Развернувшись, самолет между тем пошел на хутор — точно щука в придонной траве, осторожно и вместе с тем по-утюжьему тяжело, приближался к Горюшину.
Ольга, как стояла посреди двора, так и застыла там, с удивленно вскинутой ко лбу ладонью. Карданов остановился в шаге от двери, Вадим с Гришкой выбежали на завор и не отрывали взглядов от надвигающихся на хутор крыльев.
Из хаты, в одном лапте, выскочил Ромка, окинул затравленным взглядом застывших на месте людей, и сам замер на полдороге между Кардановым и мамой Олей. Верка с Тамаркой сиганули на сеновал и, высунув в дверь головы, смотрели в небо и ждали, когда покажется самолет. И только Сталина демонстративно улеглась спиной на траву и, заложив руки под голову, без тени тревоги на лице, жмурилась от яркого небесного света, который буквально за считанные часы очистился, отряхнулся от дождевых разлапистых туч…
Тень самолета сползла с леса и поволоклась по отчужденной ниве, где когда-то Александр Федорович сеял озимую рожь, прошлась по полянке, лизнула рощицу из ольхи и березок, кувыркнулась с них и опять поползла по пустоши, травам и валунам, пока вдруг не вспрыгнула на сарай и, сорвавшись с него, накрыла собой двор и словно оледеневших на нем людей. И каждый ждал, что вместе с тенью, нет — обгоняя ее, на них, жаляще кусая, обрушатся стальные дождины, которые не в состоянии будут высушить ни яркое солнце, ни сама вечность.
— Разведчик, — повторил Карданов, прочищая нервическим кашлем горло.
— Пап, я вот как тебя видел летчика, — остуженно вякнул на заворе Вадим. — В очках, смотрел прямо на меня… Я ему в кармане фигу показал…
— Быстро, укуси вас муха, в кювет! — опомнился, наконец, Карданов. — Он же, сволочь, сейчас пойдет обратно.
И верно, где-то у Лосиной канавы самолет сделал крен на левое крыло и пошел на широкий разворот.
Как мячики, под горку покатились горюшинцы. Мама Оля, держа Ромку за руку, бежала в укрытие. Волчонок не поспевал за ней, падал на колени, оставляя клочки кожи на земле, каким-то чудом поднимался вновь на ноги и бежал, бежал… Он не ощущал страха, в глазах ожил какой-то удивительно пестрый, подвижный мир — мелькали куски неба, тени далеких деревьев, колющая лоб и щеки пожухлая трава.
Он лежал ничком, широко открыв глаза, и всматривался в нутро земли, словно пытался что-то там разглядеть, разгадать, что, же такое творится кругом нее. А увидел он совсем близко ползущего, с крепким черным панцирьком, жучка, ловко обходящего стебельки травы и куда-то несущего свое спокойное бытие. Волчонку захотелось стать таким же жучком, и он, чтобы стать меньше, незаметнее, сжался, съежился, вмялся в траву.

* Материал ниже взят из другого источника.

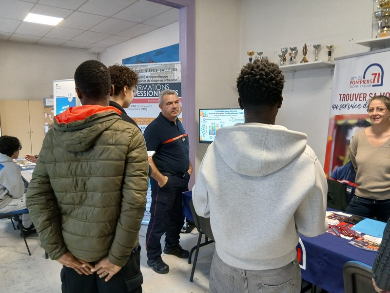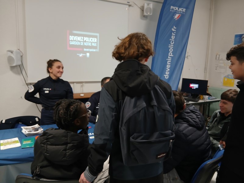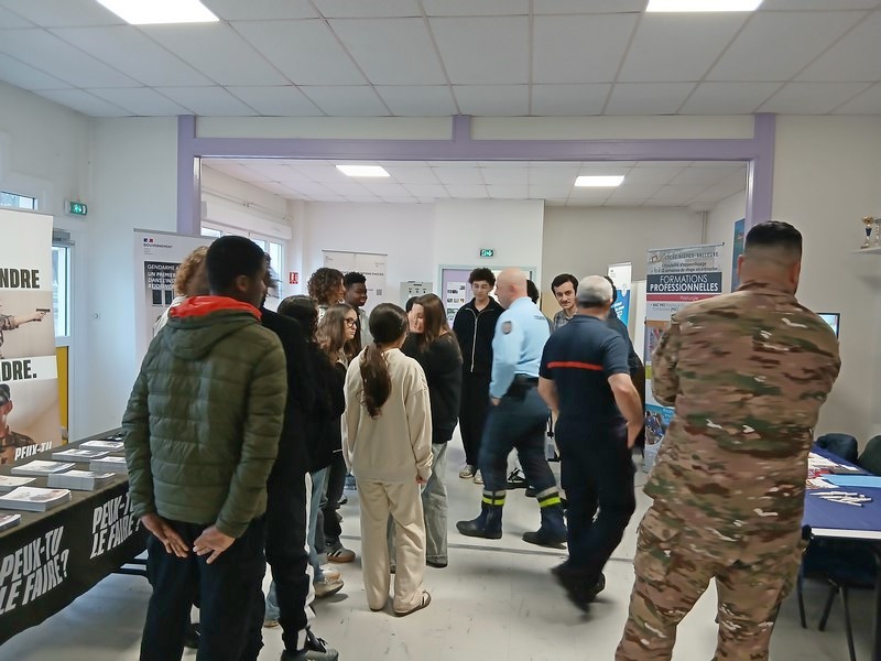 Ce matin, les jeunes de 3ème et 4ème du collège Schuman ont rencontré les professionnels des métiers de la sécurité au cours du Forum pensé et organisé par Christelle Voisin, responsable de la classe défense au collège. « C’est une première édition. J’ai souhaité que ces jeunes puissent rencontrer les différents métiers de la sécurité, au sens large puisque les métiers du droit et de la justice sont également présents ce matin. Cet événement se déroule dans le cadre de la semaine de l’orientation ». Une organisation pensée depuis septembre dernier, et qui semble être une belle réussite puisque 6 classes de 3ème se sont relayées toute la matinée, parmi elles, quelques élèves de l’enseignement adapté. Quant aux 4eme seuls les volontaires sont venus. Les jeunes disposaient d’une trentaine de minutes pour faire le tour des stands. Les professionnels qui ont répondu présents : Gendarmerie, Police nationale, Armée de terre (CIRFA), Pompiers, Pénitentiaire, Avocat, et la Marine, venue spécialement de Chalon sur Saône.

Летчик с опережением, метров за 100 до хутора, слегка опустив нос самолета, чтобы выбрать подходящий сектор обстрела, даванул на нужную смерти кнопку и начал стрелять.
Перед его глазами маячила фигурка Ромки. Он стоял, посреди двора, с поднятой к плечу рукой, другая рука откинута бегом назад, но тоже остановившаяся в движении. Притягательное пятно представлял из себя Ромка, в него-то и целился летчик, чтобы непременно достать его пулями. Чтобы уравнять этим другую смерть в дрезденских руинах.
Когда пилот снова увидел пространство между хатой и сараем, обсушенное и выбеленное солнцем, к которому он стремился на привязи затяжной очереди, он удивился и стал в растерянности озираться — куда это могли запропаститься эти обреченные безумцы? Его глаза, отбросив второстепенное, искали светлое пятно, прочерченное одной темной шлеей — Ромку, которого фашист все же вычислил, внизу у большака. Лежащего ничком в траве.
И не было у летчика большей радости, чем радость сознания, что он свободен в выборе маневра. Вот он дотянет до нужной точки, подаст рукоятку на себя, развернется и пройдет нужным, последним курсом над светлым пятном. И тогда уравняются судьбы — придет утешение, временное обезболивание, о чем так страстно молил бога пилот: отомстить, отомстить, отомстить…
Но ток крови, бешено струящийся по жилам летчика, видно, что-то нарушил в координации его движений, украл каким-то таинственным образом секунду-другую, и время осталось невосполнимым — ровно в таком объеме, сколько хватило его на фиксацию в кювете светлого пятна.
Как он ни рвал на себя рукоятку, как ни пытался зацепиться крыльями за воздух — все было тщетно. Машина падала на поляну, граничащую с лесом, у кромки которого стояла прохлада и тишина. В ней-то и захлебнулся умирающий мотор. Самолет стукнулся днищем о большой валун-старожил, подпрыгнул, словно вспугнутая стрекоза, пролетел еще несколько метров, опять долбанулся, теперь уже о торчащий из земли толстый пень, и снова пролетел несколько метров, чтобы затем в последней точке падения взорваться и разлететься по кускам на все четыре стороны света…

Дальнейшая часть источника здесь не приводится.